* What is being asked *
Here the job is to transcribe the data exactly while omitting the images.

* Dataset section *
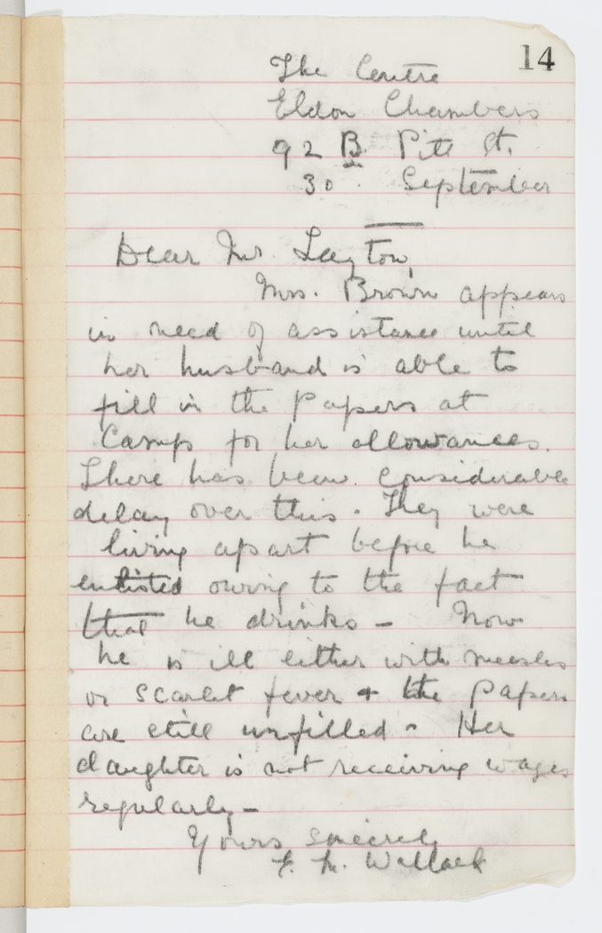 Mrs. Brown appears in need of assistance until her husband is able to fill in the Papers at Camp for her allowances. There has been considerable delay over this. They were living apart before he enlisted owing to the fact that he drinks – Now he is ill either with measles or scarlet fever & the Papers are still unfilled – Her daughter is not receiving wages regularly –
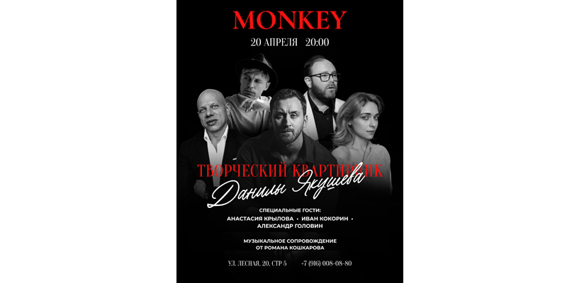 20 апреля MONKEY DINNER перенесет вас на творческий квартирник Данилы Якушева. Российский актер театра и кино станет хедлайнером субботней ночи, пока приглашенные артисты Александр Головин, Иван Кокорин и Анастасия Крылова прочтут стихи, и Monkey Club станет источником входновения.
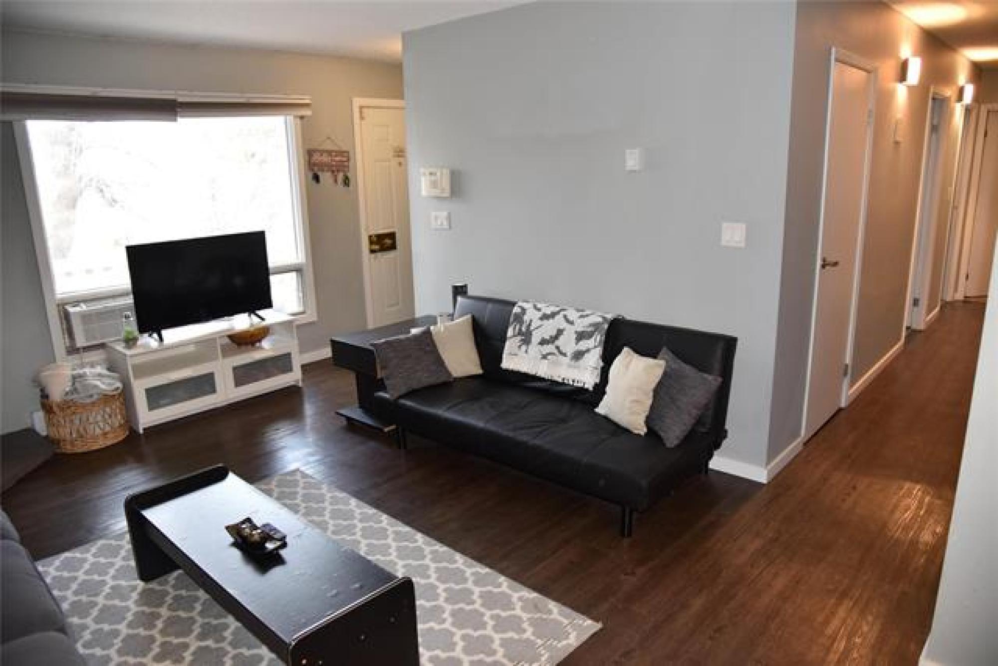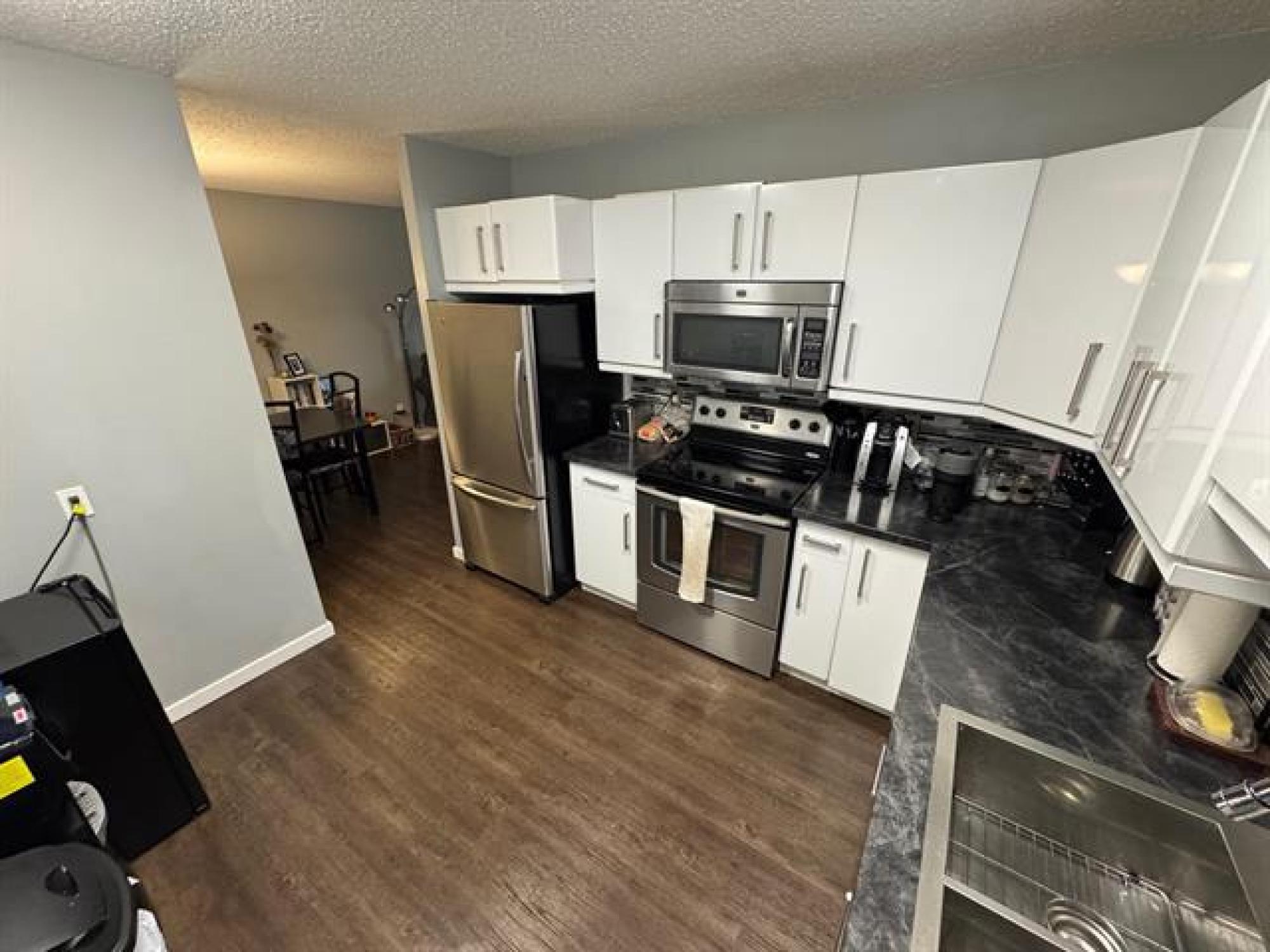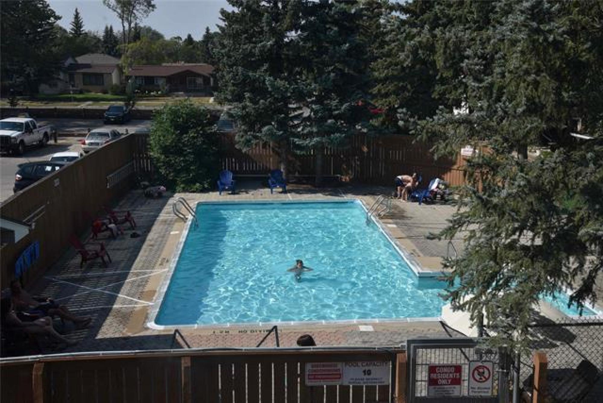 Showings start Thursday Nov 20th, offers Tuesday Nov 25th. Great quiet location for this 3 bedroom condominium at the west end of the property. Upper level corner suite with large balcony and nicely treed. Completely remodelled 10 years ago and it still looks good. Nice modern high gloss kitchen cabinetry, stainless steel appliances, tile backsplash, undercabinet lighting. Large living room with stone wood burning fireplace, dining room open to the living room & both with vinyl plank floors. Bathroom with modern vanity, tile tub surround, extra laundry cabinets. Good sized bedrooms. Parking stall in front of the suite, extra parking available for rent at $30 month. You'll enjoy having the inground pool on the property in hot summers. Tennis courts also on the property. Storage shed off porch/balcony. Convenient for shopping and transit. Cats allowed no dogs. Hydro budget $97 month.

* Your response *
 Mrs. Brown appears in need of assistance until her husband is able to fill in the Papers at Camp for her allowances. There has been considerable delay over this. They were living apart before he enlisted owing to the fact that he drinks – Now he is ill either with measles or scarlet fever & the Papers are still unfilled – Her daughter is not receiving wages regularly –
 20 апреля MONKEY DINNER перенесет вас на творческий квартирник Данилы Якушева. Российский актер театра и кино станет хедлайнером субботней ночи, пока приглашенные артисты Александр Головин, Иван Кокорин и Анастасия Крылова прочтут стихи, и Monkey Club станет источником входновения.
 Showings start Thursday Nov 20th, offers Tuesday Nov 25th. Great quiet location for this 3 bedroom condominium at the west end of the property. Upper level corner suite with large balcony and nicely treed. Completely remodelled 10 years ago and it still looks good. Nice modern high gloss kitchen cabinetry, stainless steel appliances, tile backsplash, undercabinet lighting. Large living room with stone wood burning fireplace, dining room open to the living room & both with vinyl plank floors. Bathroom with modern vanity, tile tub surround, extra laundry cabinets. Good sized bedrooms. Parking stall in front of the suite, extra parking available for rent at $30 month. You'll enjoy having the inground pool on the property in hot summers. Tennis courts also on the property. Storage shed off porch/balcony. Convenient for shopping and transit. Cats allowed no dogs. Hydro budget $97 month.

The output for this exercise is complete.